Evaluation of the diagnostic and prognostic value of PDL1 expression in Hodgkin and B-cell lymphomas

Summary

Activation of the programmed death 1 (PD1)/PD1 ligand (PDL1) pathway is important for tumor cells to escape from immune control. The clinical efficacy of therapeutic modulation of the PD1-PDL1 pathway has been recently shown in classical Hodgkin lymphoma (cHL), but little is known about the frequency and diagnostic and prognostic importance of PDL1 expression in lymphomas. The available anti-PDL1 antibody clones E1L3N and SP142 were compared, and a large cohort of Hodgkin lymphomas (n = 280) and B-cell lymphomas (n = 619) was examined for PDL1 using E1L3N. The results were correlated with the expression of other phenotypic markers, interphase fluorescence in situ hybridization data of the 9p24.1 region (PDL1 locus), and the clinical outcome. PDL1 was expressed on more than 5% of tumor cells in 70% of cHL, 54% of nodular lymphocyte-predominant Hodgkin lymphoma, and 35% of primary mediastinal B-cell lymphomas; in the latter, PDL1 expression correlated with PDL1 gains (ρ = 0.573). PDL1 was expressed in 31% of primary diffuse large B-cell lymphomas (DLBCLs), whereas most other entities did not express PDL1. In cHL, expression of PDL1 correlated with increased numbers of granzyme + T cells (ρ = 0.251) and CD68 + macrophages (ρ = 0.221) but with decreased numbers of FoxP3 + T cells (ρ = 0.145). In activated B-cell–like DLBCL, PDL1 positively correlated with PD1 + T cells, whereas an inverse correlation with FoxP3 + T cells was seen in the germinal center B-cell–like DLBCL. PDL1 expression can be diagnostically valuable in some gray zones around DLBCL and cHL; it identifies an “immune escape” cluster of cHL and activated B-cell–like DLBCL with increased granzyme + and PD1 + T cells and macrophages and decreased regulatory T cells.

Introduction

The programmed death 1 (PD1)/PD ligand (PDL) pathway is an important checkpoint for the regulation of T-cell–mediated immune responses [1]. It consists of the transmembrane protein PD1/CD279 itself and its 2 ligands PDL1 (B7-H1, CD274) and PDL2 (B7-DC, CD273). These PDLs activate PD1, which results in a reversible inhibition of T-cell activity and proliferation also known as T-cell exhaustion or anergy. This mechanism plays an important physiological role in preventing placenta infiltration by T cells [2] and maintaining self-tolerance [3], which has been verified in animal studies of pd1 knock-out mice developing several autoimmune diseases [4].
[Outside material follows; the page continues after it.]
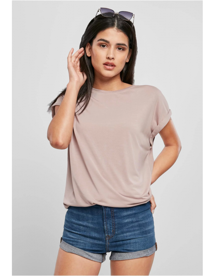 The Ladies Modal Extended Shoulder Tee is a versatile and stylish basic that no wardrobe should be without. This long-cut women's T-shirt from Urban Classics impresses with its relaxed style, which is emphasised by the round neckline and the slanted sleeves. The loose fit ensures a comfortable fit and a casual look. Made from a pleasant modal jersey blend of 77% modal and 23% polyester, this T-shirt combines comfort with durability. Available in different colours and in sizes XS to 5XL, it adapts to any style and is ideal for everyday wear and special occasions.

Unfortunately, malignancies also make use of the immunosuppressive effects of the PD1-PDL pathway [5], which is to a part reflected by high levels of PD1-positive tumor infiltrating T-cells. Besides, several tumors are known to express PDL1, being one of the mechanisms of building up a defense line against tumor-infiltrating lymphocytes (TILs) [6]. This applies not only to solid tumors such as lung or breast cancer but also to hematolymphoid neoplasms such as angioimmunoblastic T-cell lymphoma, follicular lymphoma (FL), diffuse large B-cell lymphoma (DLBCL), primary mediastinal B-cell lymphoma (PMBCL), and classical Hodgkin lymphoma (cHL), especially the nodular sclerosis subtype [7], [8]. Amplifications of the PDL1 gene locus on 9p24.1 are recurrent in the last 2 entities [9] further underscoring the importance of that pathway. PDL1 expression by immunohistochemistry has been demonstrated in some of the lymphomas listed above only in smaller cohorts or with antibodies shown to more poorly perform so far [10], [11]. Because of the fact that intrinsic cancer-specific T cells might be thwarted by PD1-PDL1 interactions [12], targeting PDL1 has become a new approach in tumor therapy [13]. Recently, first very promising results of PD1-PDL1 blockade have been reported in cHL, melanoma, and non–small cell lung cancer [14], [15], [16].

So far, the question whether expression of PD1 and PDL1 by immunohistochemistry might also be of diagnostic or prognostic importance in lymphomas has not been answered on larger collectives. It was our aim to investigate the expression of PDL1 at large scale in cHL and various B-cell lymphoma subtypes to draw conclusions both for diagnostic and potential clinicopathological applications.